Analysts are urging Andy Burnham to avoid targeting capital gains tax as a way of generating revenue for the Treasury
Households are being told not to panic ahead of a rumoured capital gains tax (CGT) raid coming into effect in the near future.
Speculation is rife that the likely next Prime Minister Andy Burnham will introduce CGT reforms that will see families paying more on the profit made by selling assets.
Personal finance specialists at thimbl are urging families to avoid hasty financial choices in response to speculation about possible capital gains tax reforms affecting inherited property.

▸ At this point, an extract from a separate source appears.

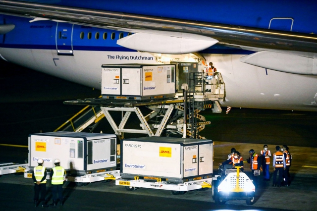 La jefa del Gabinete Ministerial, Violeta Bermúdez, supervisó el arribo de la nave de KLM junto a la canciller Elizabeth Astete, y el ministro de Salud, Óscar Ugarte.

The guidance follows media reports indicating that a future administration might scrap the capital gains tax "uplift on death" provision, which could result in substantially higher tax liabilities for those inheriting homes and other assets.
Rather than panicking over unconfirmed policy proposals, thimbl's experts suggest households should treat the current attention as a catalyst for examining their broader financial arrangements and ensuring they have a clear picture of their estate situation.

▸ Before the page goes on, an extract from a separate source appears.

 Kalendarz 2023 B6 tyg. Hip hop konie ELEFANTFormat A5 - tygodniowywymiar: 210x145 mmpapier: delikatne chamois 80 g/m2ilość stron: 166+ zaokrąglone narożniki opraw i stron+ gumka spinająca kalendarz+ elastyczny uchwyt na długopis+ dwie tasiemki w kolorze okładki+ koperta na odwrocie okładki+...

Joe Lytwyn, a personal finance expert at thimbl, acknowledged the emotional weight these reports carry for many households.
He said: "Whenever reports suggest families could face higher tax bills, it's understandable that people feel anxious, particularly when it involves something as significant as the family home."

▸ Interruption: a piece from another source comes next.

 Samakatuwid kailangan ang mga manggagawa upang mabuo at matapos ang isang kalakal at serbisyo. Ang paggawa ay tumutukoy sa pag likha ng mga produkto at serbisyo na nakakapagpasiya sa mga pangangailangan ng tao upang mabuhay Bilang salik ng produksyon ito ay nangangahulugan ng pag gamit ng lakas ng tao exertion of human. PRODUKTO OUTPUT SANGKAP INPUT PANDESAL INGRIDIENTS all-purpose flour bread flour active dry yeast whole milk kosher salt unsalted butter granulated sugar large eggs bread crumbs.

However, Mr Lytwyn stressed the importance of distinguishing between speculation and actual legislation.
He added: "While these are currently reported proposals rather than confirmed policy, they are a useful reminder that families should regularly review their wider financial plans instead of waiting until major tax changes are announced."
The expert noted that inadequate preparation, rather than taxation itself, often presents the greatest difficulty for families managing an estate.
Mr Lytwyn shared cautioned strongly against acting on media speculation before official announcements are made.
He said: "The biggest mistake is making decisions before the facts are known. Headlines can understandably create concern, but proposed policies often change during consultation and before becoming law."
The thimbl expert emphasised that premature reactions could prove counterproductive for families attempting to protect their wealth.
They warned: "Making rushed decisions about selling property, transferring assets or changing long-term financial plans based purely on speculation can sometimes do more harm than good.
"This is a good opportunity to get organised rather than to panic. Make sure important financial documents are up to date, understand what assets form part of your family's estate and have open conversations with relatives about long-term financial planning."